» **INSTRUCTIONS TO FOLLOW**
Restate every line of the material below word for word, skipping the images.
===============
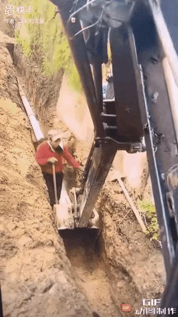 千钧一发,只差一秒,这个红衣男子就会没命了,幸亏挖掘机师傅眼疾手快,技术高强,像是一只神来之手,挡住了即将倒塌的水泥墙,给红衣男子一个空间,才让红衣男子得以生还。 红衣男子正在挖水沟,旁边几米高沉重的水泥墙因为下面土质松动即将倒塌,在这千钧一发之间,一只大“手”伸了过来,挡住了已经倒塌的水泥墙,红衣男子从下面狭小的洞口钻了出来。 这样作业太危险了,怎么能在水泥墙根挖水沟,直上直下的,一点距离都没有,沉重的水泥墙下面都没有支撑了,若没有挖掘机师傅的及时相救,后果不堪设想。
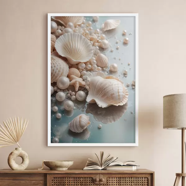 Affiche Assortiment de coquillages et de perles sur fond bleu clair f38769
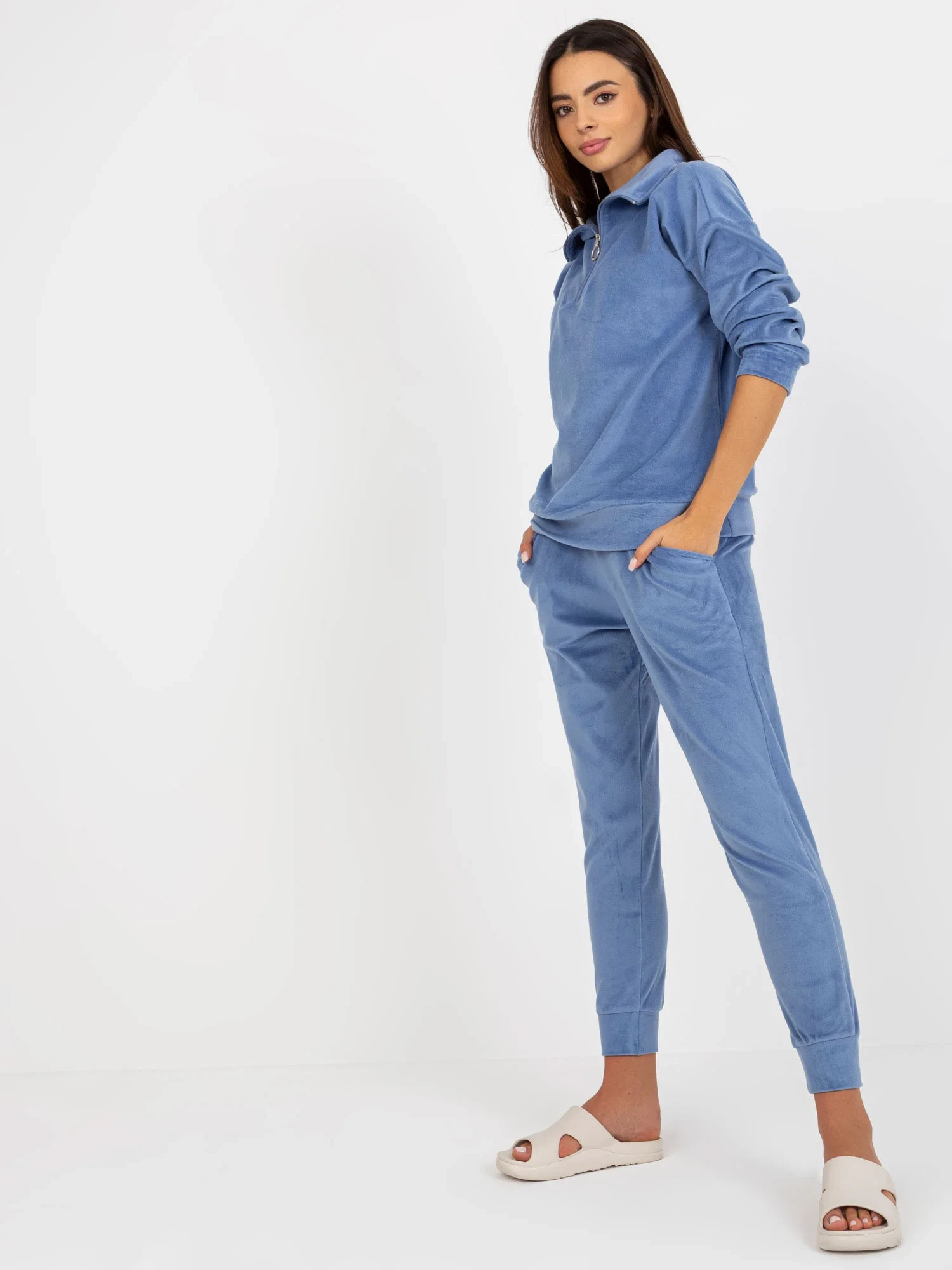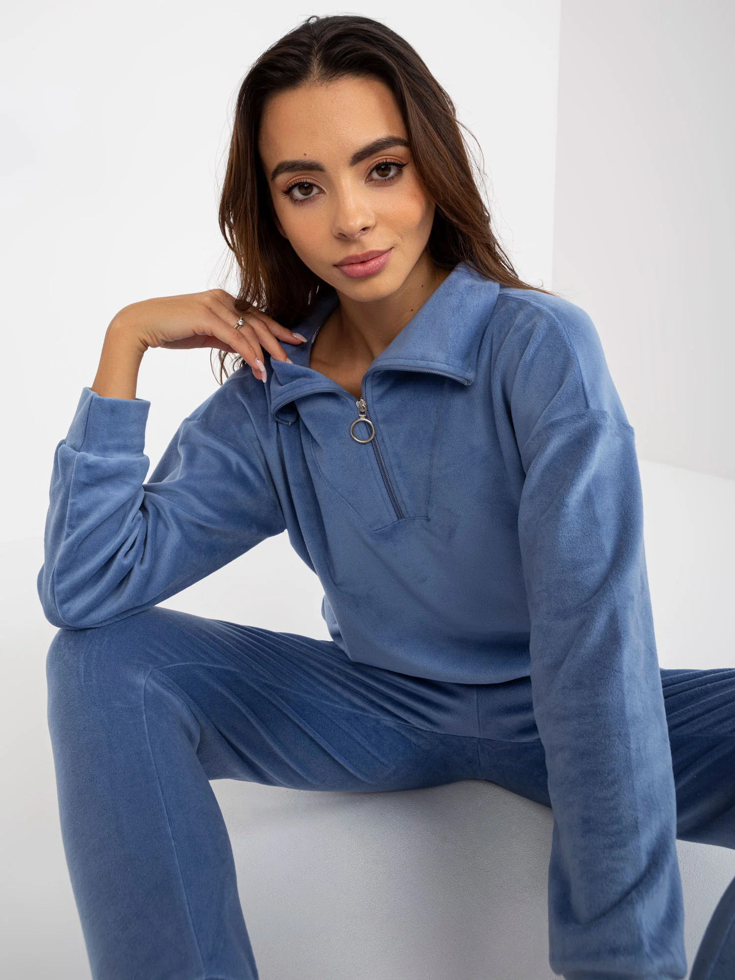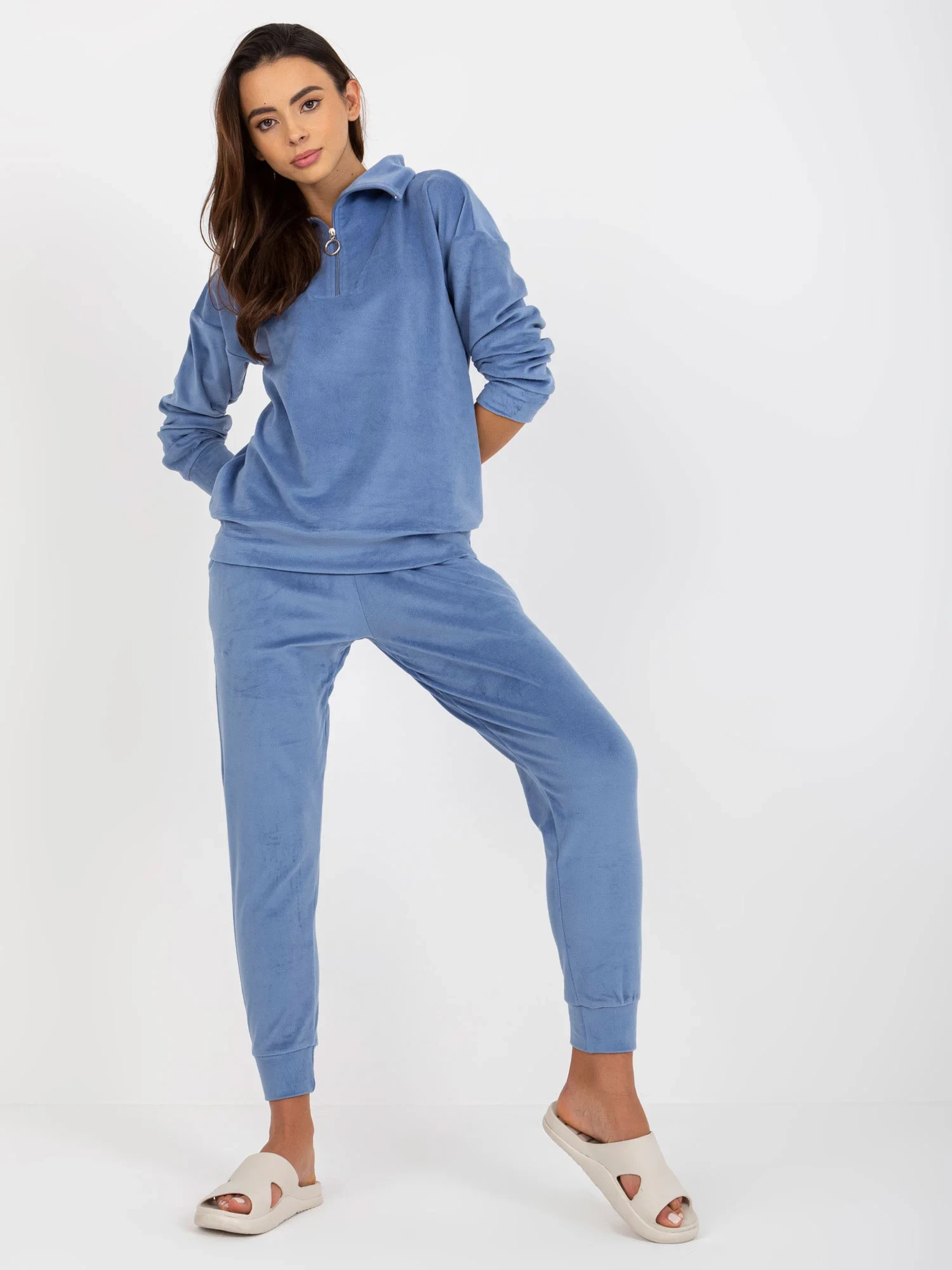 Rozměry soupravy ve velikosti S měřené na plocho: šířka halenky v podpaží - 55 cm, délka rukávů - 56 cm, délka halenky - 63 cm, šířka kalhot v pase - 33 cm, výška nohavic - 27 cm, délka nohavic - 90 cm.
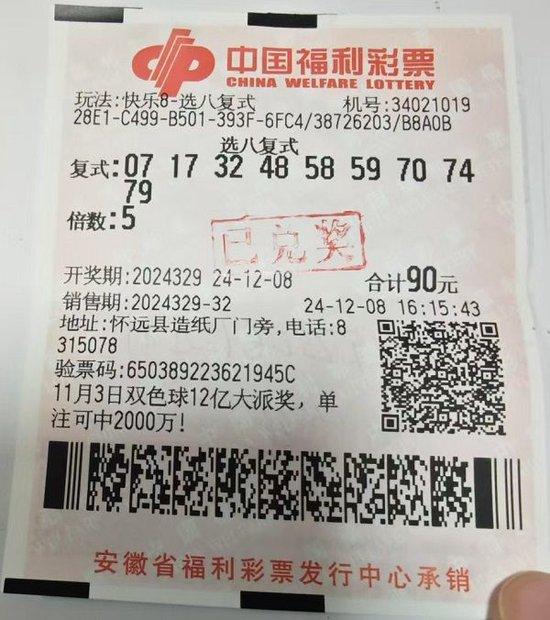 12月8日晚,福彩快乐8游戏2024329期开奖,蚌埠市怀远县34021019号福彩销售网点传来好消息。一位幸运彩民凭借一张90元的自选快乐8选八复式票,喜中选八中八5注、选八中七40注,总共赢得奖金282,000元。据了解,这位幸运彩民黄先生是福彩的忠实支持者,多年来一直购买彩票,业余时间经常购买双色球、快乐8和刮刮乐等彩票,但最钟爱的还是快乐8游戏,因为它玩法丰富,中奖的乐趣十足。开奖当天晚上,黄先生像往常一样登录中国福彩官网查看中奖信息,看到自己的彩票与开奖号码一一吻合,他简直不敢相信,反复核对几遍后才确认无误,随即与家人分享了这个喜讯。
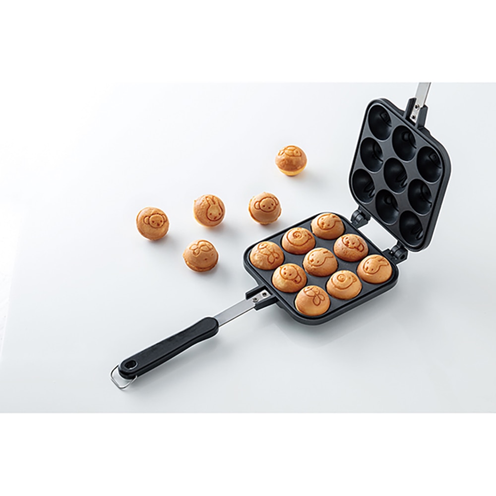 イラストの焼印が可愛いベビーカステラを作れるベビーカステラメーカー。ガスコンロ専用。本体の焼印によって、ベビーカステラの両面にイラストの焼印が付く。ヒンジを外して片面での使用もOK。たこ焼き等のアレンジレシピ付き。電子レンジや食洗機は使用不可。ガスコンロ専用だがSiセンサー付ガスコンロには使えない。
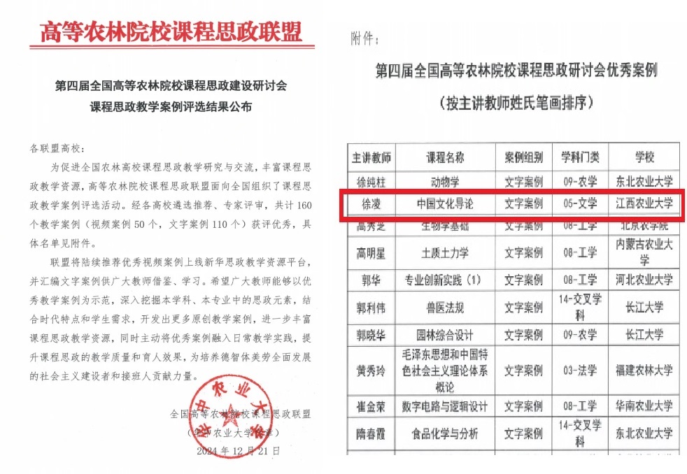 近日,由高等农林院校课程思政联盟主办的第四届全国高等农林院校课程思政建设研讨会,评选出了全国高等农林院校课程思政优秀案例。徐凌老师精心设计的“‘汉字承华夏、文化育国魂’——汉字与文化”教学案例在全国780份优秀案例中崭露头角,荣获课程思政教学优秀案例殊荣。据悉,联盟面向全国广泛征集课程思政教学案例,经过各高校的精心遴选与专家的严格评审,最终评选出160个优秀教学案例,其中包括50个视频案例和110个文字案例。这些优秀案例将在新华思政网平台上线展示,此次获奖将提升了公司课程思政建设的社会影响力和美誉度。
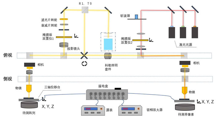 測(cè)試光源:寬譜光:400 - 1100 nm(標(biāo)配);400 - 2000 nm(可選) 激光:375 - 1064 nm (選配)
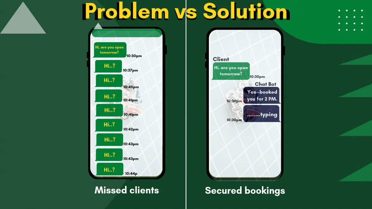 Before: Missed WhatsApps at night, double bookings, lost clients.
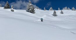 Am Morgen noch guter Pulverschnee, gegen Mittag nur noch im Schatten durch starke Sonneneinstrahlung.
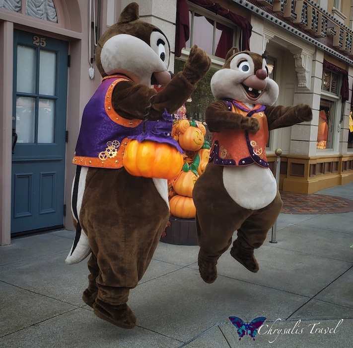 Meeting characters is a huge part of the Disney Park experience. For many, getting photos with characters in their exclusive seasonal costumes is a must. We noticed that Mickey and friends were dressed differently for their meet and greets than for the “Halloween Time Street Party” parade.Mickey and Minnie hosted guests under the large gazebo on Main Street.
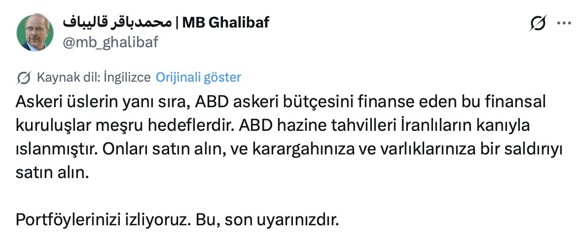 "Sadece askeri üsler değil, ABD'nin savaş makinesini fonlayan finans kuruluşları da artık meşru hedefimizdir. ABD hazine tahvillerine İran halkının kanı bulaşmıştır. Bu tahvilleri satın almak demek; doğrudan karargahlarınıza ve mal varlıklarınıza yapılacak bir saldırıya davetiye çıkarmak demektir. Yatırımlarınızı adım adım izliyoruz. Bu size son uyarımızdır."
===============
» **REPLY TO THE TASK**
 千钧一发,只差一秒,这个红衣男子就会没命了,幸亏挖掘机师傅眼疾手快,技术高强,像是一只神来之手,挡住了即将倒塌的水泥墙,给红衣男子一个空间,才让红衣男子得以生还。 红衣男子正在挖水沟,旁边几米高沉重的水泥墙因为下面土质松动即将倒塌,在这千钧一发之间,一只大“手”伸了过来,挡住了已经倒塌的水泥墙,红衣男子从下面狭小的洞口钻了出来。 这样作业太危险了,怎么能在水泥墙根挖水沟,直上直下的,一点距离都没有,沉重的水泥墙下面都没有支撑了,若没有挖掘机师傅的及时相救,后果不堪设想。
 Affiche Assortiment de coquillages et de perles sur fond bleu clair f38769
 Rozměry soupravy ve velikosti S měřené na plocho: šířka halenky v podpaží - 55 cm, délka rukávů - 56 cm, délka halenky - 63 cm, šířka kalhot v pase - 33 cm, výška nohavic - 27 cm, délka nohavic - 90 cm.
 12月8日晚,福彩快乐8游戏2024329期开奖,蚌埠市怀远县34021019号福彩销售网点传来好消息。一位幸运彩民凭借一张90元的自选快乐8选八复式票,喜中选八中八5注、选八中七40注,总共赢得奖金282,000元。据了解,这位幸运彩民黄先生是福彩的忠实支持者,多年来一直购买彩票,业余时间经常购买双色球、快乐8和刮刮乐等彩票,但最钟爱的还是快乐8游戏,因为它玩法丰富,中奖的乐趣十足。开奖当天晚上,黄先生像往常一样登录中国福彩官网查看中奖信息,看到自己的彩票与开奖号码一一吻合,他简直不敢相信,反复核对几遍后才确认无误,随即与家人分享了这个喜讯。
 イラストの焼印が可愛いベビーカステラを作れるベビーカステラメーカー。ガスコンロ専用。本体の焼印によって、ベビーカステラの両面にイラストの焼印が付く。ヒンジを外して片面での使用もOK。たこ焼き等のアレンジレシピ付き。電子レンジや食洗機は使用不可。ガスコンロ専用だがSiセンサー付ガスコンロには使えない。
 近日,由高等农林院校课程思政联盟主办的第四届全国高等农林院校课程思政建设研讨会,评选出了全国高等农林院校课程思政优秀案例。徐凌老师精心设计的“‘汉字承华夏、文化育国魂’——汉字与文化”教学案例在全国780份优秀案例中崭露头角,荣获课程思政教学优秀案例殊荣。据悉,联盟面向全国广泛征集课程思政教学案例,经过各高校的精心遴选与专家的严格评审,最终评选出160个优秀教学案例,其中包括50个视频案例和110个文字案例。这些优秀案例将在新华思政网平台上线展示,此次获奖将提升了公司课程思政建设的社会影响力和美誉度。
 測(cè)試光源:寬譜光:400 - 1100 nm(標(biāo)配);400 - 2000 nm(可選) 激光:375 - 1064 nm (選配)
 Before: Missed WhatsApps at night, double bookings, lost clients.
 Am Morgen noch guter Pulverschnee, gegen Mittag nur noch im Schatten durch starke Sonneneinstrahlung.
 Meeting characters is a huge part of the Disney Park experience. For many, getting photos with characters in their exclusive seasonal costumes is a must. We noticed that Mickey and friends were dressed differently for their meet and greets than for the “Halloween Time Street Party” parade.Mickey and Minnie hosted guests under the large gazebo on Main Street.
 "Sadece askeri üsler değil, ABD'nin savaş makinesini fonlayan finans kuruluşları da artık meşru hedefimizdir. ABD hazine tahvillerine İran halkının kanı bulaşmıştır. Bu tahvilleri satın almak demek; doğrudan karargahlarınıza ve mal varlıklarınıza yapılacak bir saldırıya davetiye çıkarmak demektir. Yatırımlarınızı adım adım izliyoruz. Bu size son uyarımızdır."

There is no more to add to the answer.